Well, it’s safe to say I’m not a fan. Not of football, at any rate. But reducing what The Damned Utd is about to “football” is a bit like suggesting that Coriolanus doesn’t really have much appeal to anyone beyond fans of C5th B.C. Roman politics.
[That said, I went the night after press night, and the initial most striking things about Friday night’s performance of The Damned Utd. were a) that the thing was pretty much sold out, and b) that there were more men in the theatre than I have ever seen in my life. And men it’s fair to say that I haven’t seen so many of in theatres, full-stop.
Now, No, I know that “white men” are, in theory, hardly a poorly served demographic. These are apparently the guys with all the power and money that everything’s for. Well, possibly not these men, and not theatre, so often. And it felt genuinely nice to be at something that felt so welcoming and inclusive to this non-traditional audience. I mean, if we’re serious about theatres being for “everyone”, and we accept that – really – “everyone” is not interested in the same things, then it’s at least salutary to see that there’s nothing off-putting about “theatre” itself, when the subject is of interest. And, when the subject is this well-handled, “theatre” itself is hardly losing out. Indeed, people who might think there’s nothing in this for them (i.e. me) would be well-advised to go anyway.]
In fact, Coriolanus is pretty much the tragic trajectory also followed here. I’ve not read the David Peace novel (or any of his others, despite fully intending to; along with all those Karl Ove Knausgaard books). Nor have I seen the film (eviscerated by Mark Fisher [not the theatre critic one] in his book Ghosts of My Life: “Hooper and Morgan didn’t adapt Peace; they eliminated him.”). It is nonetheless fascinating to note where the parameters of the story are set. Anders Lustgarten’s adaptation does a much better job of honouring “Peace’s fractured and abrasive modernism” (Fisher). The story essentially cuts back and forth between Brian Clough’s time at Derby County, where he did very well, and Leeds Utd, where his stint as manager lasted 44 days. The novel/play then stops. Apparently – according to a bloke overheard by me on the way out – Clough subsequently went on to have a long and sporadically illustrious career at Nottingham Forest where the team topped the league, won the European Cup, and generally accomplished all the stuff that makes football teams happy.

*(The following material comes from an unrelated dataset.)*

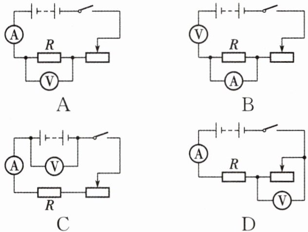 1. 利用电压表与电流表测电阻的方法叫作“伏安法”,下列属于“伏安法”测电阻R的电路图的是(

As such, it’s key that the novel just dwells on the absolute low point. It also completely cuts out the year or so spent at Brighton and Hove between the time at Derby and the time at Leeds. Again, like Shakespeare, you’re not really here for undiluted facts. If, at times, it might seem like there are a lot of facts, and stats, and information about matches won and lost; really it’s the rhythm of the writing and its masterful delivery by Andrew Lancel (him off of Cardiac Arrest) as Clough that resonates here.
This isn’t a play about football, it’s a half-tragedy about hubris, arrogance and vanity, while at the same time being apparently, ostensibly in the right. Leeds under their previous manager, Don Revie, are envisioned by Clough, fairly or unfairly, as completely corrupt. Referees bribed, fouls committed, dives taken. He takes the job as manager precisely because of his contempt, it seems. And because of his self-belief. Because his time at Derby and his time at Leeds are both run largely concurrently, his fall from grace at the former also coincides with his much faster dismissal from the latter. And his mother dies. I daresay I was the only person in the theatre who didn’t know the story, but it’s a bloody good one, and one well told here. Yes, the football details might as well have been being reported in a language I don’t speak, but since I’m on record advocating for watching plays in languages we don’t understand, I didn’t have the slightest problem with that. Urgency and tone communicated everything.
So, that’s The-Play-as-script. As a production, Rod Dixon’s première for this Red Ladder/WYP/Derby Playhouse co-pro. is a fascinating, mixed beast. Signe “There Has Possibly Been An Incident” Beckman’s design is blank, black and monolithic. Boxy. A bunch of gauze panels make up the walls of the set. The play opens with a painted line describing the playing area being picked out in light, until a bloke comes on and completes it with one of those pitch-painting thingies. At a couple of points a big boardroom table is lowered from the ceiling. It’s coldly effective, and almost, ahem, German in its rejection of the obvious. (The obvious in this instance surely being a cavalcade of brown and beige wallpapers evoking Britain’s nicotine-strained brutalism-and-broken-biscuits past.)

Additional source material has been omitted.